Don't Let Enterprise Storage Shortage Ruin Your Day
One of the main concerns of IT industry today is shortage of storage. Being a vital component, storage orchestrates the successful running of a business. There are many different types of storage services, rated on different basis like security measures, access speed, and expandability. Shortage of storage capacity is a big hindrance to organizations as there is continuous influx of data and opting for unreliable storage can result in security repercussions for organizations.
Established organizations prioritize storage maintenance and have teams dedicated to handle their files and data. There are rarely ever such scenarios where large enterprises witness a shortage of storage. But these are the so called tech giants. What about medium and small companies and start-ups?
Smaller businesses usually have a fraction of the storage capacity as that of the bigger and more established enterprises. SMBs to have a department dedicated to handling storage is out of the question, chiefly because of the cost, but also the lack of experienced workforce. What happens when no one maintains the storage and data keeps accumulating? It won’t be long before they run out of data storage space.
While the company might be in a fix under such circumstances, there are a few solutions that can mitigate these problems. The first and foremost option for organizations is to leverage reserve capacity. Reserve storage is the threshold at which indicators point to a shortage of space. This storage, like the reserve fuel in a vehicle, is for emergency purposes only. It can be used but in most cases, it affects the performance and stability of the system.
So in times of emergency, while new data is being stored in reserve storage, one can concurrently free up primary disk space by removing unwanted and unused data. Once this is done, the reserve storage can be restored. But this process can be disruptive as identifying data to be removed is tricky—removing pre-installed software that is an integral part of the system will affect system stability. Administrators must carefully identify the data or files to be removed, which is a process tedious. One can also try pruning or compressing the files to reduce the space they occupy. The important aspect to keep in mind is that this is a temporary process and organizations should find solutions to increase their storage capacity.
Organizations can always buy more storage devices, but there are a number of issues to be wary of. First, there is no assurance that the specifications they need will match the budget. Second, even if it does, there will be a question of whether or not the company’s environment and floor space will support the extra storage drives. And there is also the additional cost of upgrading software that the companies have to take into account.
Firms can also opt for storage-on-demand services, also referred to as utility storages. These storage systems are generally of three types: on-demand, internal utility, and off-site. With on-demand storage, vendors install storage systems configured with more capacity than is needed and users "turn on" additional capacity when required. In case of Internal utility, the IT department pools its storage resources and adds the components necessary to internally administer the storage to the company’s business units based on the demand. And lastly, off-site storages—service providers render off-site storage facilities, typically based on a lease arrangement with SLAs that guarantee quality of service.

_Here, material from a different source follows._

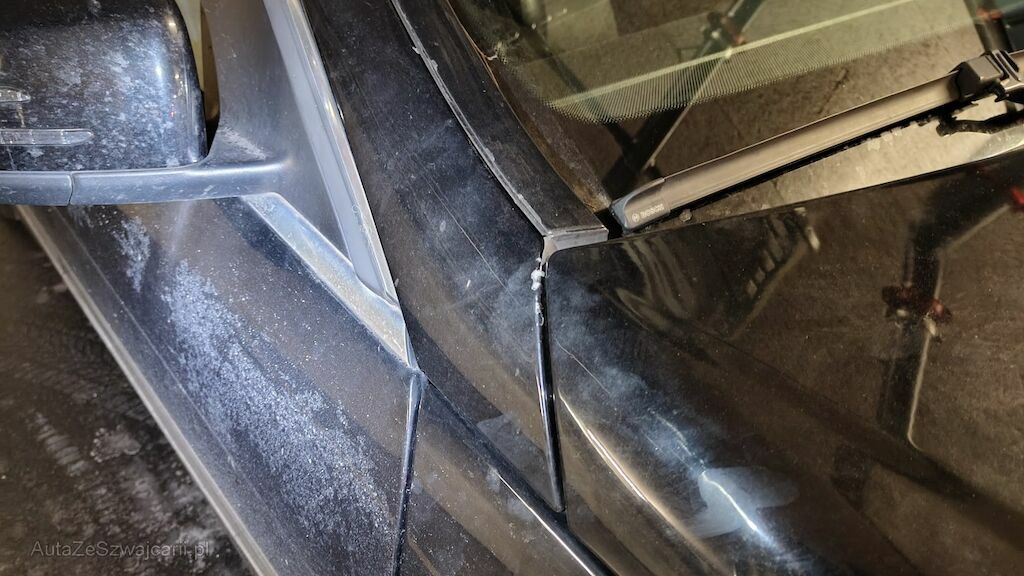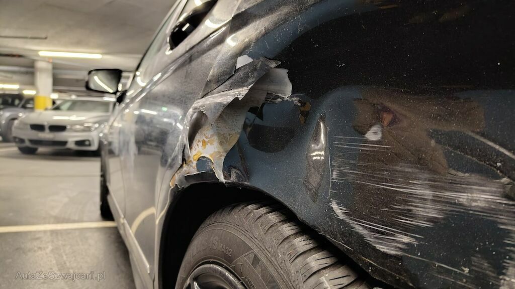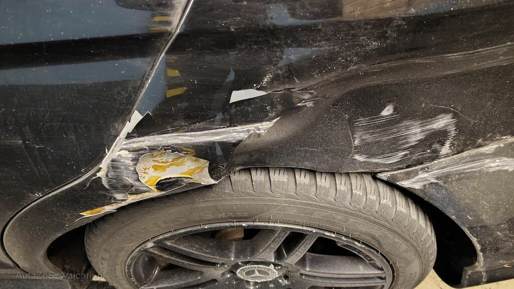 Vorschäden: Stossstange vorne mehrfach zerkratzt. Delle in der Motorhaube und mehrere Steinschläge mit Rost. Beide Aussenspiegel zerkratzt, Blinkerglas links beschädigt. Lackablösung an den Zierleisten auf dem Dach. Fahrzeug rundum zerkratzt und Lack allgemein in schlechtem Zustand. Stossstange hinten mehrfach zerkratzt. Türen links mehrfach zerkratzt. Randsteinschäden an allen Felgen. Spur Hinterachse verstellt. Fahrersitz beschädigt. Diverse Gebrauchsspuren usw.
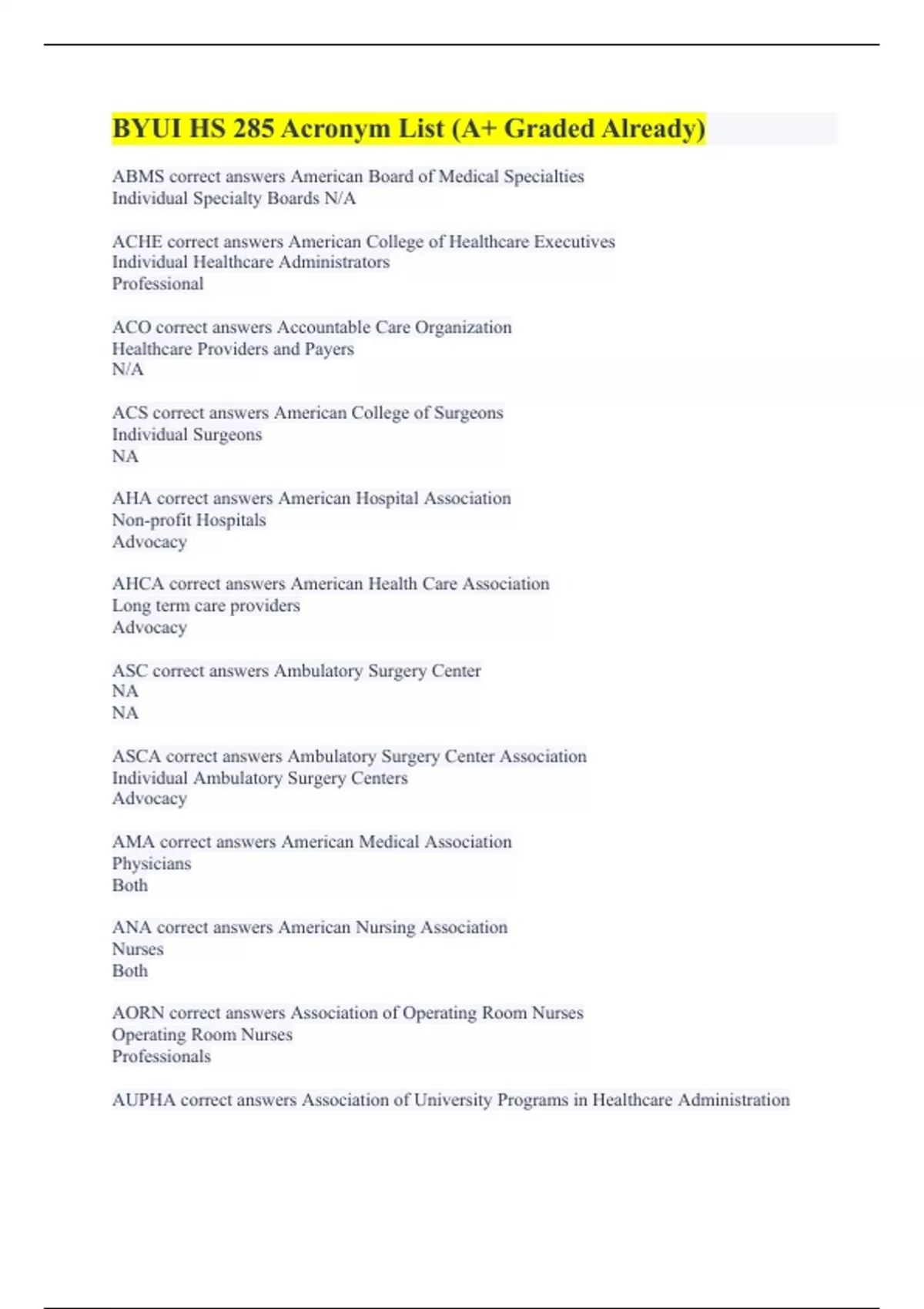 BYUI HS 285 Acronym List (A+ Graded Already) HS 285 (A+ Guaranteed) 2024. HS 285 W14 Final Exam (100% Correct Answers) HS 285 test 1 (with Answers) HS 285 Governance in Healthcare Industry (with Complete Solutions) . HS 285 Final Review (A+ Graded) 2024. HS 285 Acronyms (100% Correct Answers)

Cloud-enabled network cache is another option available to companies. Additionally, there are vendors that offer all-flash network caches that move data to a secure cloud storage location. The addition of a small flash array to existing infrastructure will enhance the system performance.
As it stands, there are a number of options for the smaller businesses to tackle the storage issues, but each has its own pros and cons. It is for firms to analyze their individual needs and deploy the right solution. Everything needs to be taken into perspective here as they need to consider the environment they operate in, the capital they are willing to invest, and also the workforce or more precisely their knowledge force. Whatever their decision, the firms would do well to have a storage capacity plan in place to avoid any undesirable business impact.